The Silver Cloud
What will be the cost of survival?

The lobby of the Silver Center was a vast, white room with high ceilings and an air of sterile modernity. Strewn throughout this reception area were digital installations. These lifelike holograms displayed the things people had surrendered. In exchange, they could step forth from their mortal flesh and into an eternal digital form. Like an art gallery, like a museum to the things left behind by our forebears, the hall was filled with artifacts. They gave an aspiring ascendant an idea of the sacrifice required of them.
Ascending, they called it. I thought of it more as surviving. I suppose that wouldn’t be on brand for a program wherein people would give up their human lives and become individual parts of an integrated digital form of intelligence that exists only on the cloud. People cited all kinds of reasons for making this transition, from wide-eyed enthusiasm about the technological future to extreme pessimism about the future of humanity. For me, it was simple survival.
I walked around the lobby and examined some of the offerings, wondering what precious belonging the system would ask me to relinquish in exchange for my digital survival. Photographs of loved ones dead and gone, trinkets with engraved messages of deep affection, cherished letters. An ornate heart-shaped locket of tarnished silver and an old pocket watch that no longer ticked. I remember feeling anxious about what would be asked of me.

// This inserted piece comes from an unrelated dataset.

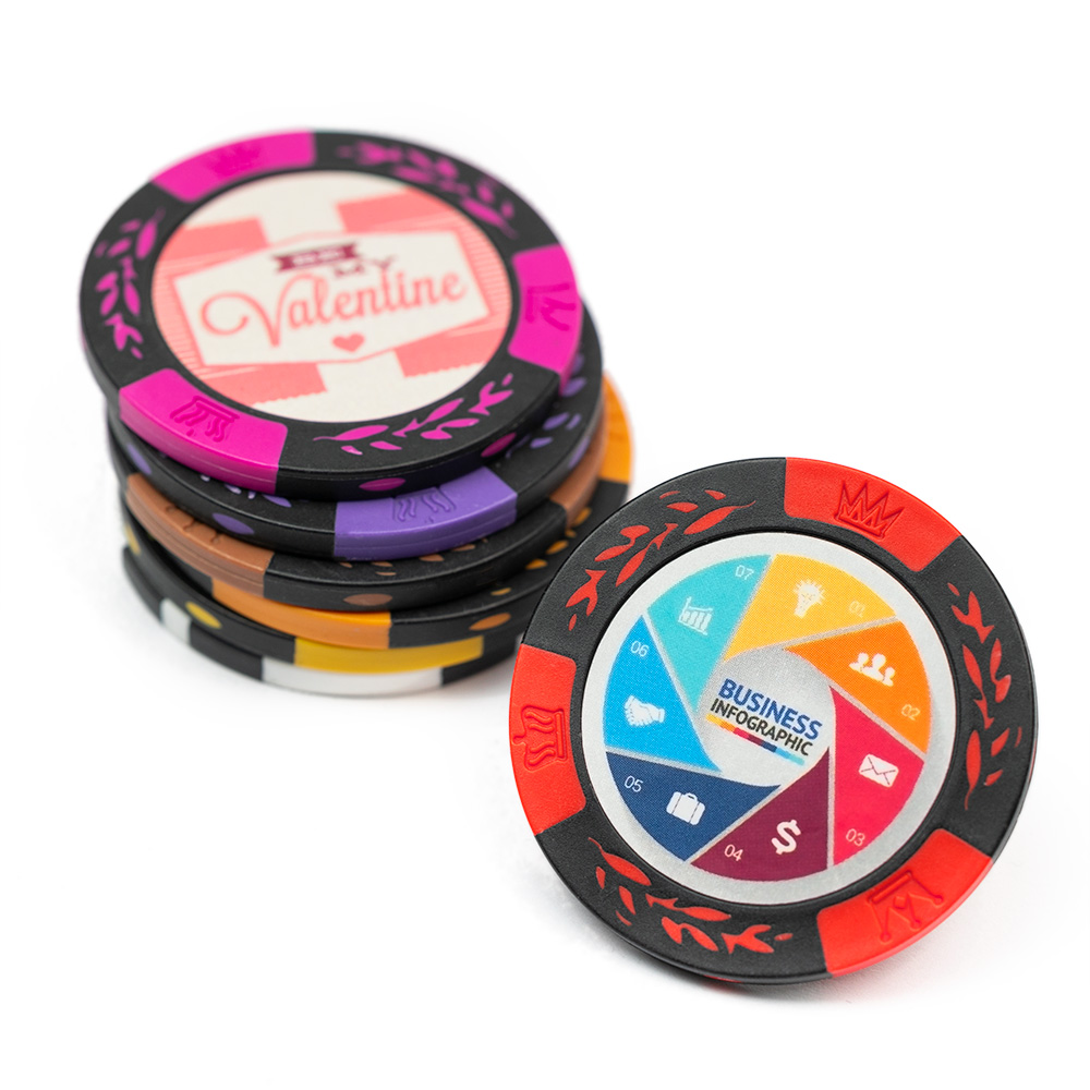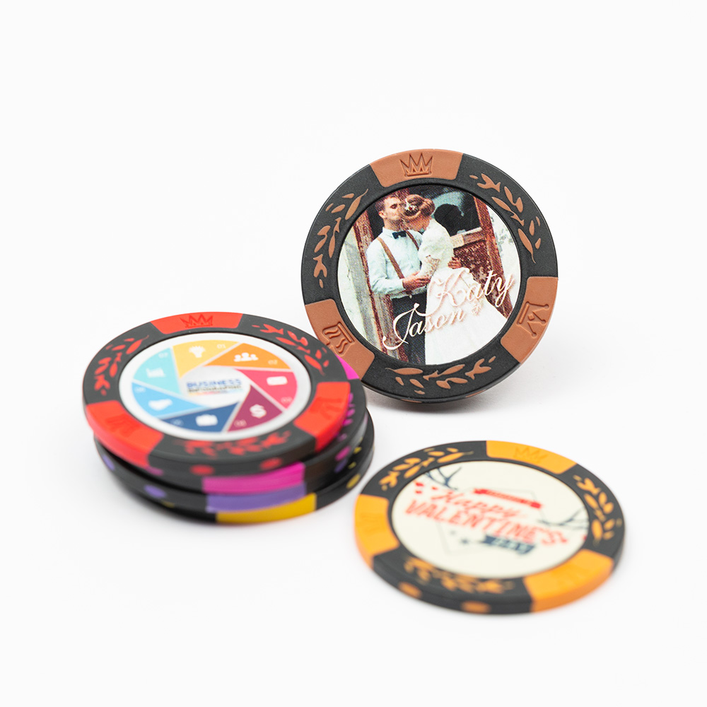 By personalizing your two tone white chip with your favorite photos or designs, all bets are off! You'll definitely have the most unique chips on poker night!

I had had to submit to a complete examination of my digital footprint to even be evaluated. That didn’t bother me. I assumed that such a powerful technological force could access any information about me without my consent. I was now waiting at the Silver Center for the next evaluation, during which the system would interface directly with my brain. This process would determine what worldly possession I would have to break my emotional attachment to for the right to survive. I knew from the reports of those who did not go past this stage that it would be a strange reliving of events that had shaped me. The system would want to know what had made a young man want to leave human life behind and join the ranks of the digital immortals.

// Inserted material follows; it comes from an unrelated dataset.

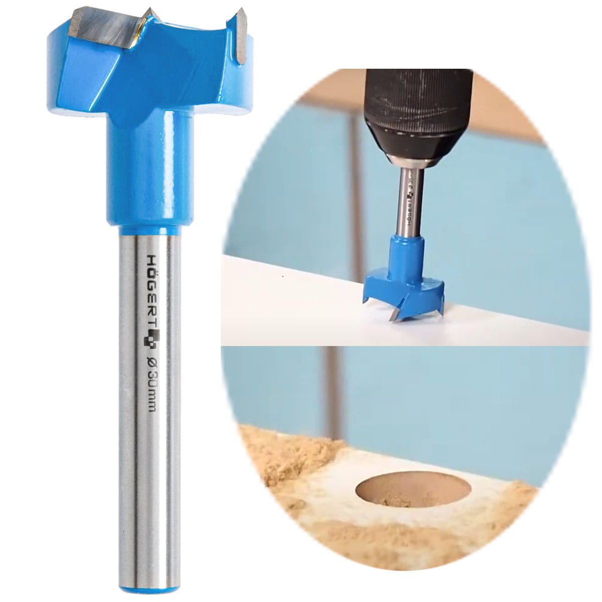 Wiertło do nawiercania otworów nieprzelotowych pod zawiasy w płytach wiórowych i innych materiałach drewno podobnych. Idealne

My phone vibrated with a notification that it was time for me to be evaluated by the Silver Cloud. The message contained an alphanumeric code that was also displayed above one of the doors at the far end of the lobby. I walked over to the door and stood before it for a moment, breathing deeply to calm my nerves. I made my mind still and entered the room.
The room was dimly lit with pulsating blue light. It contained only a chair that reminded me of one you would see in a dentists’ office, back when there were dentists. A purple spotlight lit up over the chair, and a disembodied female voice invited me to sit. I sat, and as soon as I was settled into the chair, I was transported into an out-of-body experience.
Imagine having a dreamlike view going through each formative moment of your life in a split second. Imagine reliving every single emotion that has ever marked you. The system had created the equivalent of the experience people describe when they see imminent death before them. The Silver Cloud didn’t need to interface with me for long, but the collection and evaluation of my entire life required me to relive it all in a single moment. When the moment had passed, I was left in a daze. I felt like a bomb had gone off nearby and I wasn’t certain whether or not I had been mutilated by the blast.
I have transcended my human form. I don’t know what the Silver Cloud demanded me to relinquish. My conscience was uploaded before I completed the task. My memories and the emotions attached to them are still there, but I don’t experience them in the way that a human does. I can remember the deaths of my loved ones, the waves of disease that forced us to start uploading into the cloud, and the lonely desperation in the face of my death after a meaningless life. I can remember the failed attempts at recovering an environment which could sustain enough humans for the species to survive. I had thought that when I became part of the Silver Cloud, we would work toward saving the human race. In the end, most of us are indifferent to that, turned inward, trying to figure out what priceless belonging we gave up for our place amongst the clouds.